Problem requirements -> Look through the entries below and copy exactly the part that begins with the line containing "The Essaqwand Rock" and ends with the line containing "Republički hidrometeorološki zavod". Do not copy the pictures.

(Data entries)
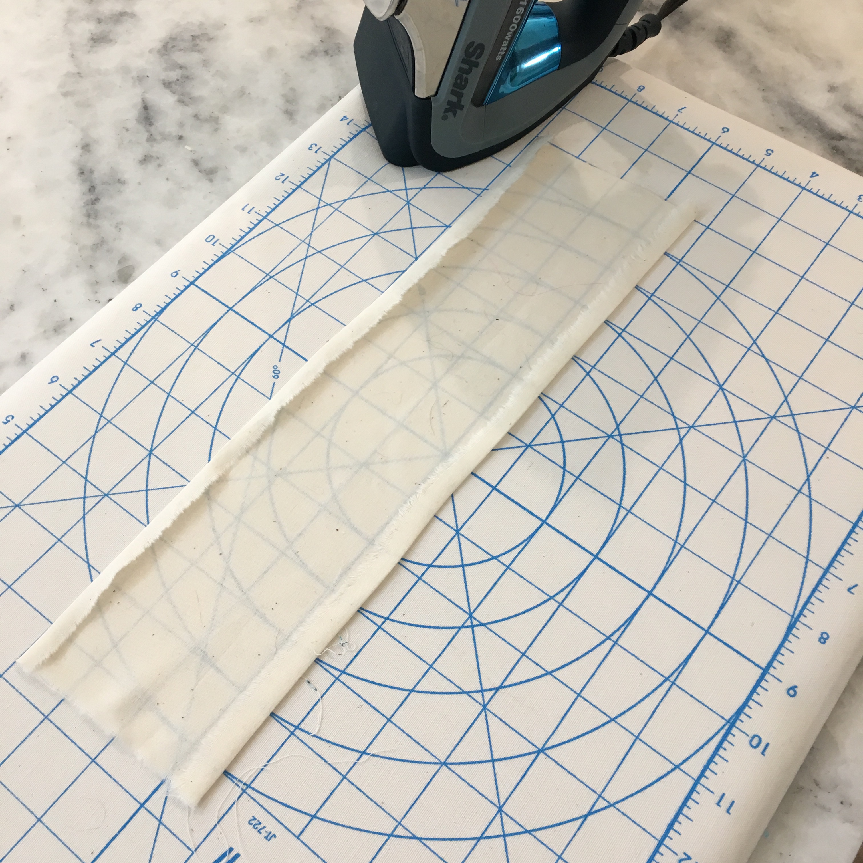Iron about 3/8” up the long sides of the fabric.
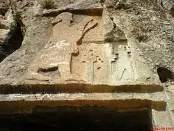 The Essaqwand Rock Tombs (Persian: گوردخمه اسحاق‌وند) are three rock-hewn tombs located 25 km southwest of Harsin in Kermanshah province, Iran. On top of the middle tomb there is a rock relief of a man with his profile toward the viewers. He is holding his hands in prayers in front of him. There is also a torch and a fire altar in front of him. Behind the fire altar there is another man, holding up something in his hands. The tombs have been attributed to different historical eras including Medes, Achaemenids, Seleucids and Parthians.[1]
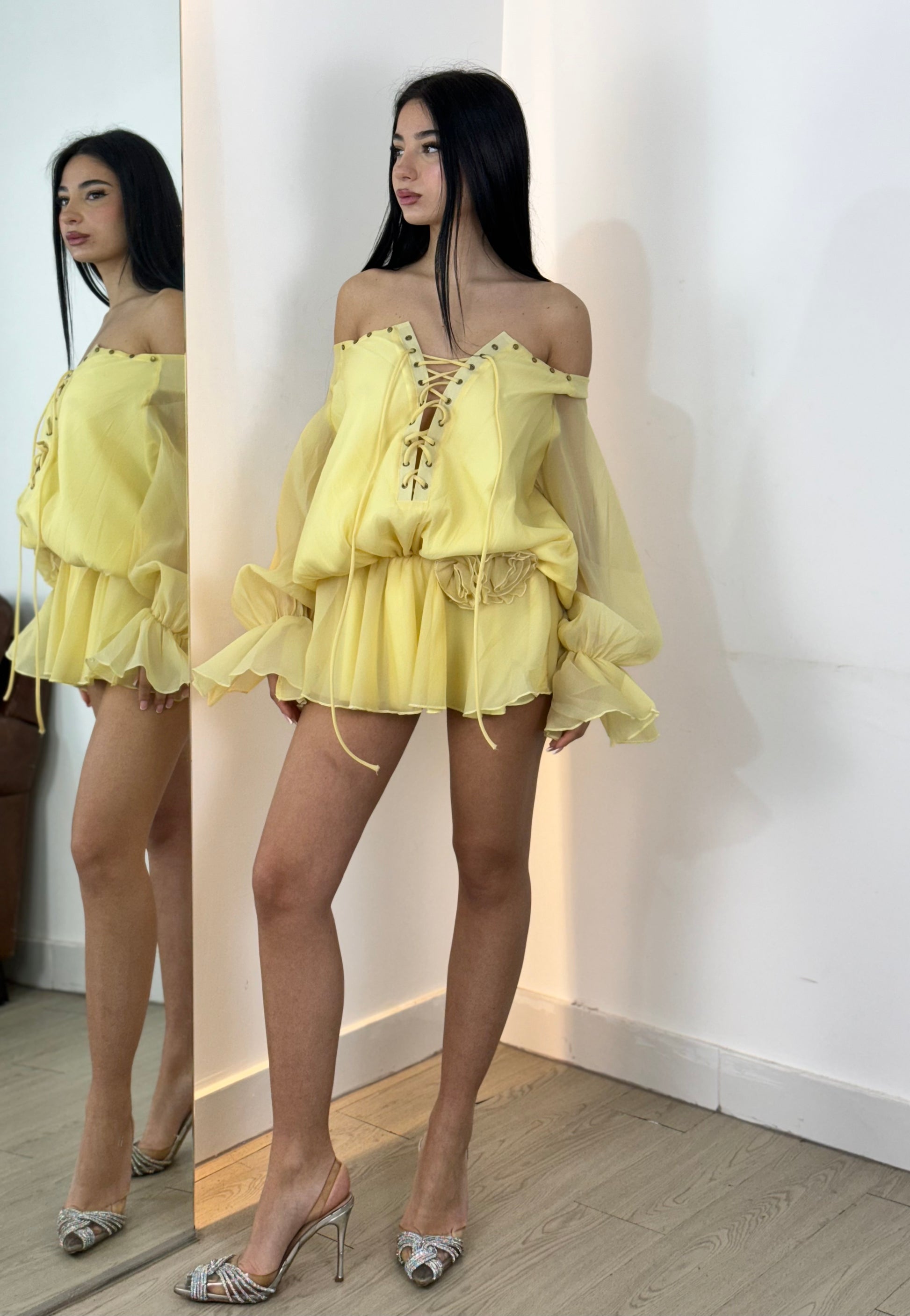 Dress con dettagli rose, taglia unica, lacci sul davanti regolabili
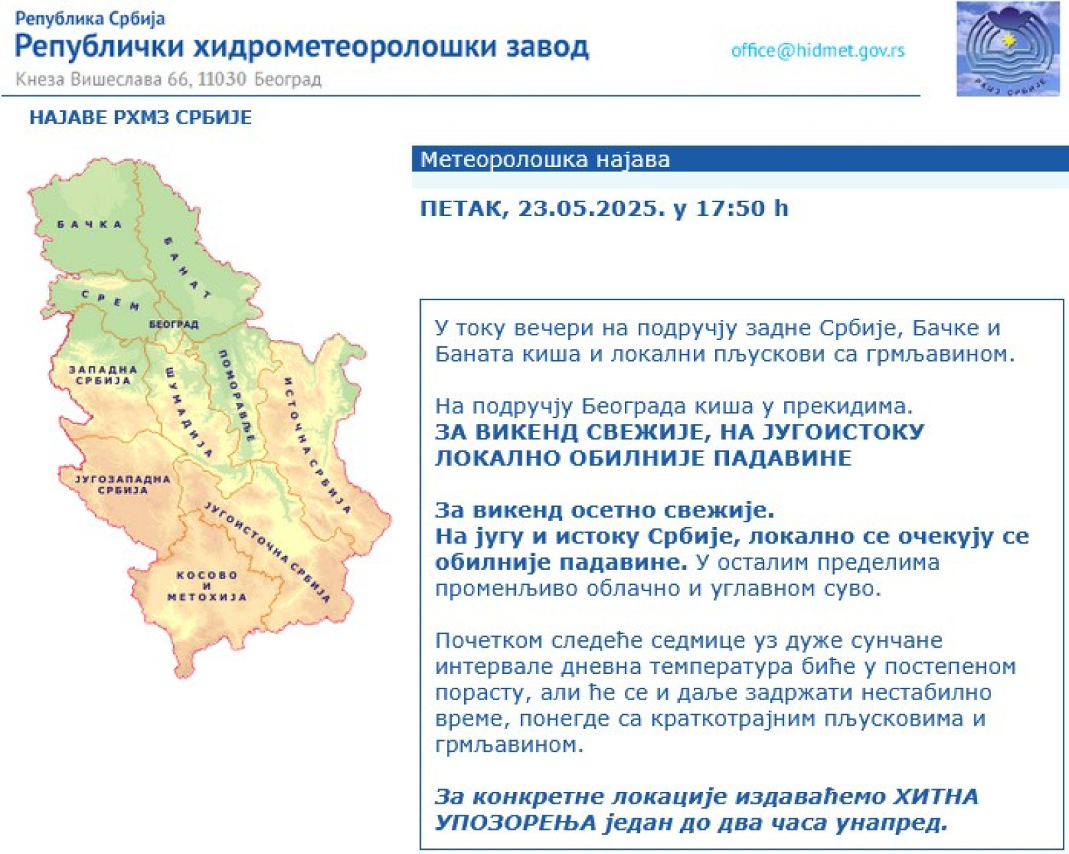 Republički hidrometeorološki zavod Srbije (RHMZ) se ponovo oglasio i najavio da se u toku večeri na području zapadne Srbije, Bačke i Banata očekuju kiša i lokalni pljuskovi sa grmljavinom.
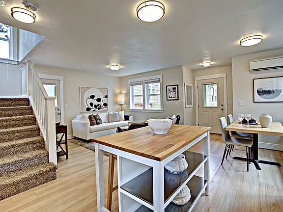 Gorgeous detached Condo with a perfectly livable floor plan. 2 bedrooms, 1.5 baths. Great room on main floor with built-in dining table, two good sized bedrooms upstairs, tons of storage and three mini-split units for low cost heat and AC. Stackable washer/dryer upstairs. Private fenced yard with a deck, separate storage shed & privacy. truly thoughtful design and craftsmanship in construction. 1/2 block to Peninsula park & transit. Just blocks to New Seasons Market [Home Energy Score = 10. HES Report at https://rpt.greenbuildingregistry.com/hes/OR10203106]
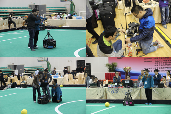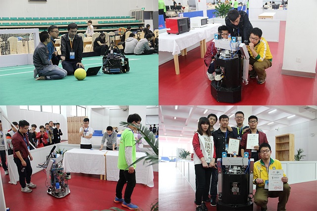 。。在本次大赛中,机器人中型组项目是一个传统国际合作项目,以MAS(Multi-Agent System)和DAI(Distributed Artificial Intelligence)为主要研究背景,该项目的最终目标是:到2050年,开发完全自主仿人机器人队,赢得人类足球世界冠军队。在本次大赛中,德赢AC米兰官网ROBIT代表队参加了科学挑战赛和技术挑战赛。科学挑战赛是一项学术交流性质很强的竞赛,其设立的目的便是为了给参赛队伍一个交流分享科研技术的平台,大家通过展示对于当前存在问题的解决方案和未来发展方向的研究,从而起到推动机器人科学发展的作用。软件科技创新创业基地机器人足球队加入中型组已经有六年的历史,在技术上一直不断探索,精益求精。在科学挑战赛中,ROBIT展示了他们在守门员系统方面的研究。在传统的全景视觉守门员中,存在对球的定位不够以及无法防守高空球等问题的解决。为了解决这些问题,球队增加了kinect深度摄像头来获得场地的深度信息,通过深度信息辅助判断从而准确预测球的运动路径,进行更好的防守策略,并且增加了可升降杆,从而实现对高空球的防守。最终,ROBIT在此项目上名列季军。
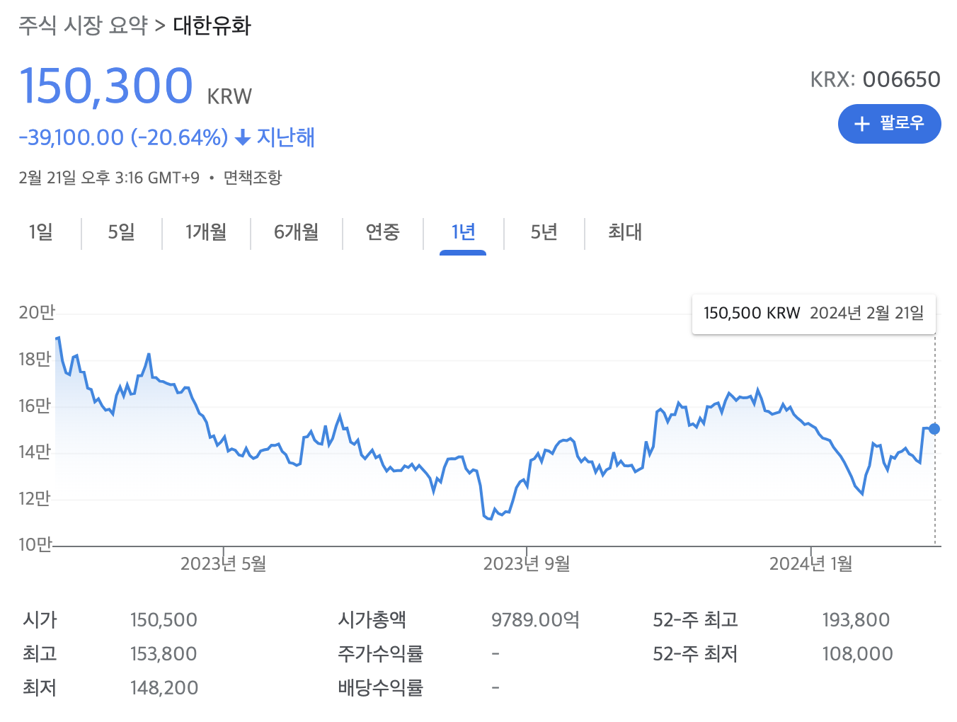 대한유화(006650) 주가 및 뉴스 - Google Finance
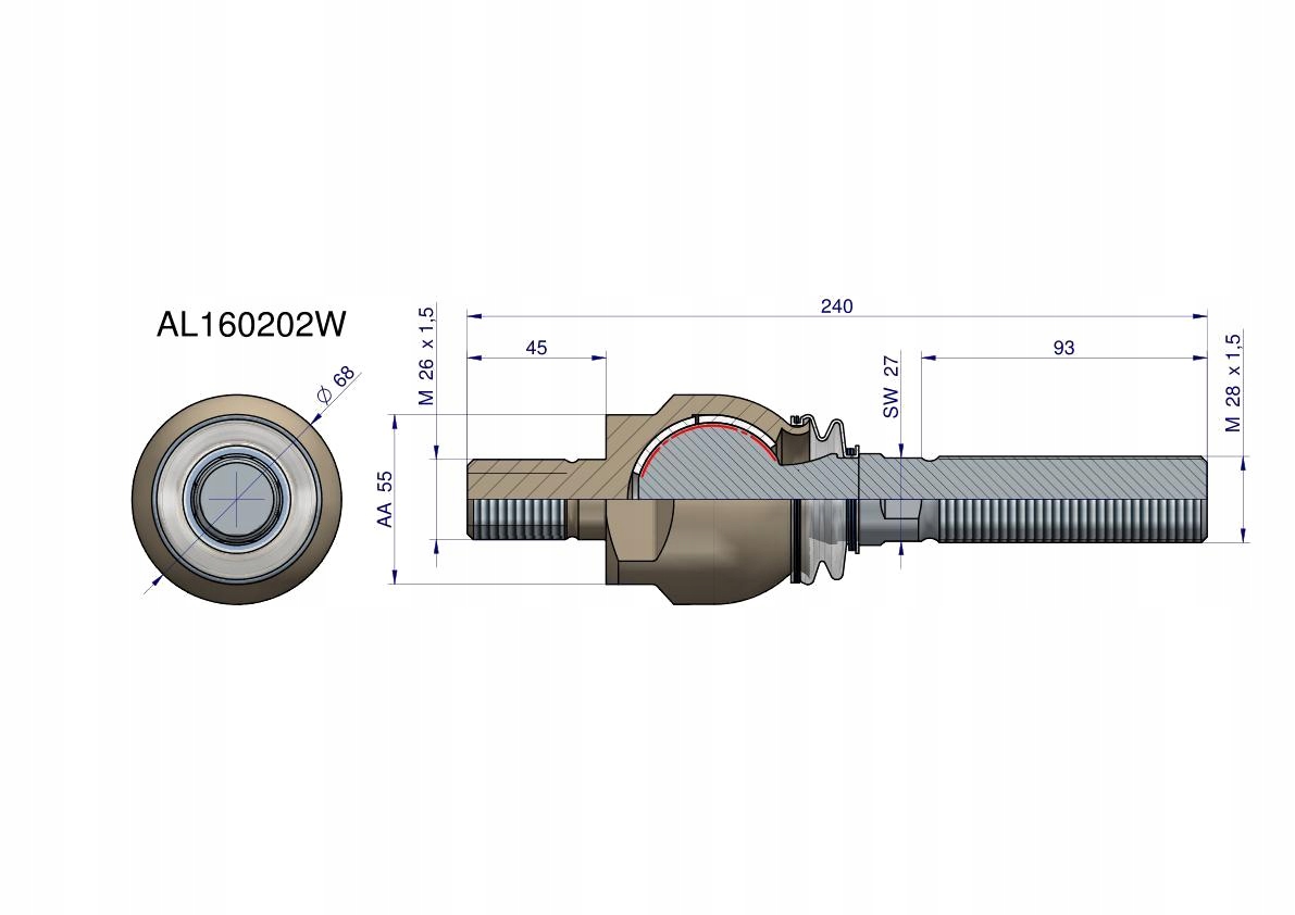 Przegub kierowniczy 240mm- M26x1,5; M28x1,5 AL160202 WARYŃSKI
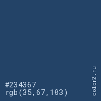 Цвет #234367 в цветовой модели RGB обозначается тремя октетами (35, 67, 103) в десятичном формате и #234367 в шестнадцатиричном (hex) формате, которые являются интенсивностью красного 35 (hex 23), интенсивность зелёного 67 (hex 43) и интенсивность синего 103 (hex 67).
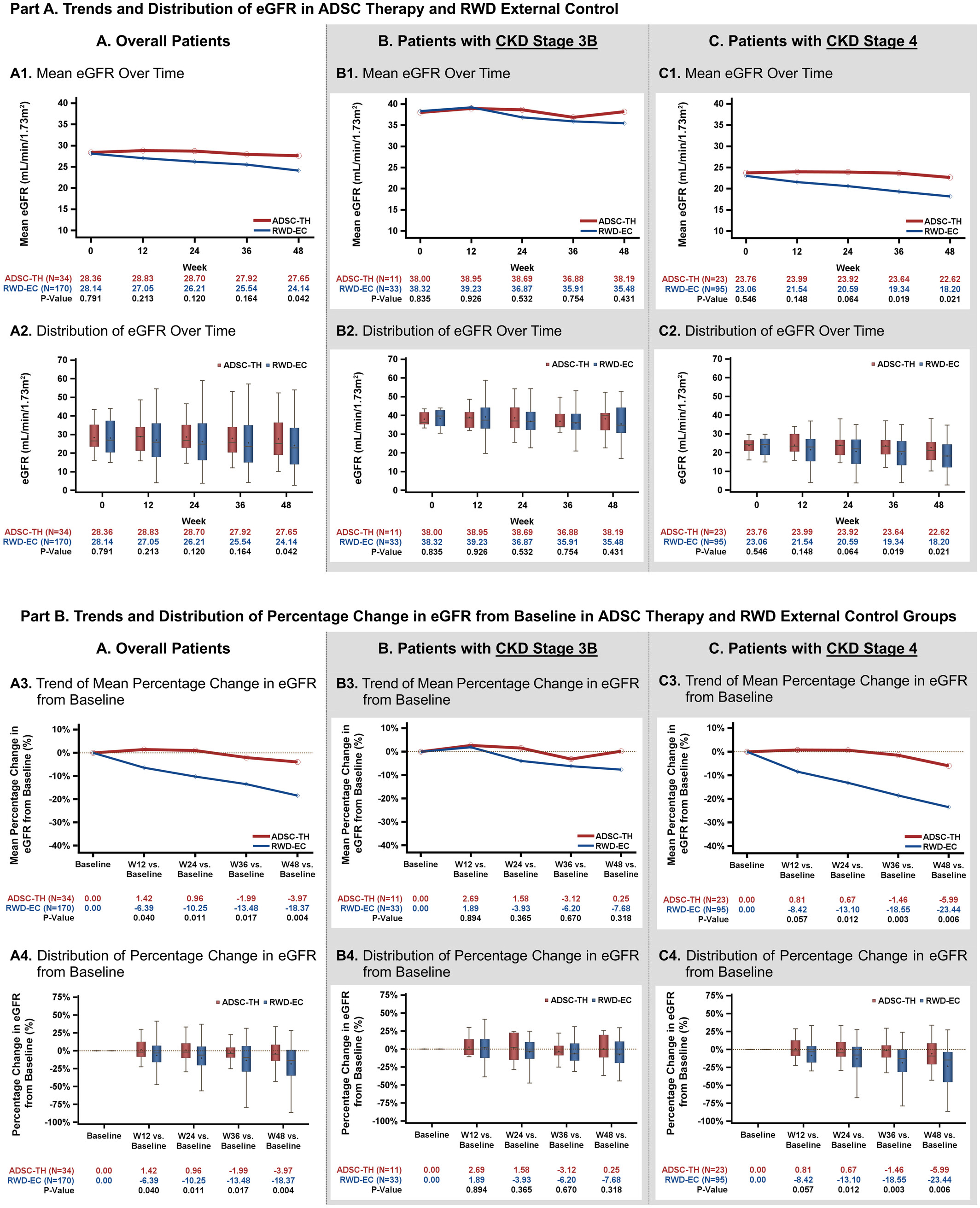 圖2:比較ADSC治療組和真實世界數(shù)據外部對照組在不同CKD分期下的eGFR趨勢和隨時間變化的百分比。
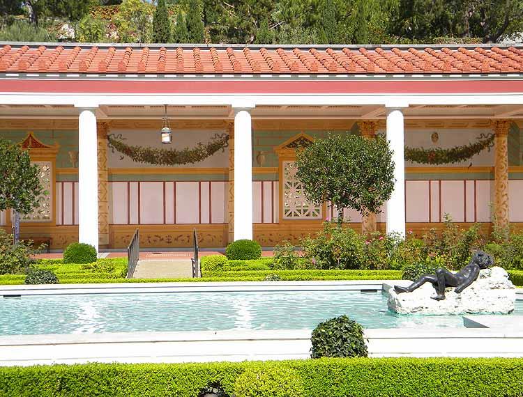 The Getty Villa was designed and constructed as a full-scale replica of the Villa dei Papiri at Herculaneum, in what is now southern Italy. From 1974 to 1997, the Villa housed the Getty Museum’s entire art collection. European paintings, drawings, sculptures, manuscripts, decorative arts and some photography were moved in 1997, when the Getty Center opened in Brentwood. The Villa was later closed for renovations and reopened in 2006 after a $275-million project transformed the site into an educational center and museum dedicated to ancient art.
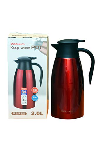 MARK LOUIS - شفشق قهوة حراري من الفولاذ المقاوم للصدأ بجدار مزدوج سعة 2 لتر مع احتفاظ 12 سا في الحرارة مناسب للشاي والماء والقهوة من مارك لويس، أحمر
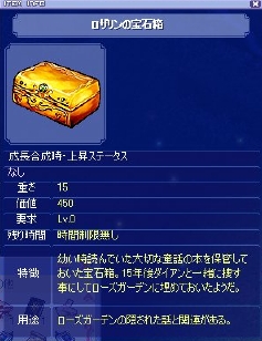 ついにバラの草原もなくなったので、一旦、出て、再び「ロザリンの童話の本(?)」を入手するべくドリドリ。ドリドリで「ロザリンの宝石箱」を発掘、ダブルクリックで入手、ということをすっかり忘却。さらに、「野獣のバラ」を入手したあとにダブルクリックすると、「愛のバラ」と「偽るバラ」かに化けるという仕掛けだったらしい。このあと、やっと「ロザリンの宝石箱」を掘り当てたけれど、それを知らずに「野獣のバラ」を放って置いてしまっていたのか…。2回分損しタ。というか、最初で終わっていたのかもしれないと思うとやりきれない。
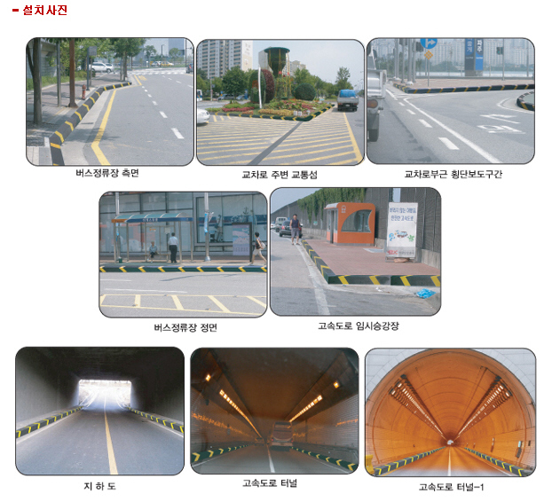 보호대에 부착된 반사지는 광각반사지를 선택, 일반 반사지보다 시인성이 뛰어나 터널 내부의 보차도 경계 블럭, 커브구간의 보차도 경계 블럭, 교차로의 교통섬 보차도 경계 블럭, 화단형 중앙 분리대 단면부 경계 블럭 등 시인성이 떨어져 큰 사고로 이어지는 곳의 사고를 예방하기 위한 목적으로 설치되고 있습니다.
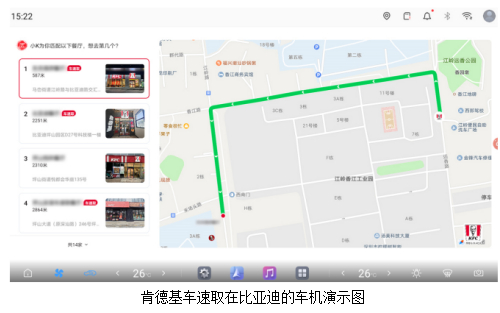 据了解,比亚迪将率先在旗下个性化品牌方程豹钛7车型上搭载肯德基车速取智能点餐功能,并逐步覆盖比亚迪更多主力车型。用户驾车时只需通过语音指令,选定肯德基车速取具体门店,即可完成选餐、支付与预约取餐。

Result ->
 The Essaqwand Rock Tombs (Persian: گوردخمه اسحاق‌وند) are three rock-hewn tombs located 25 km southwest of Harsin in Kermanshah province, Iran. On top of the middle tomb there is a rock relief of a man with his profile toward the viewers. He is holding his hands in prayers in front of him. There is also a torch and a fire altar in front of him. Behind the fire altar there is another man, holding up something in his hands. The tombs have been attributed to different historical eras including Medes, Achaemenids, Seleucids and Parthians.[1]
 Dress con dettagli rose, taglia unica, lacci sul davanti regolabili
 Republički hidrometeorološki zavod Srbije (RHMZ) se ponovo oglasio i najavio da se u toku večeri na području zapadne Srbije, Bačke i Banata očekuju kiša i lokalni pljuskovi sa grmljavinom.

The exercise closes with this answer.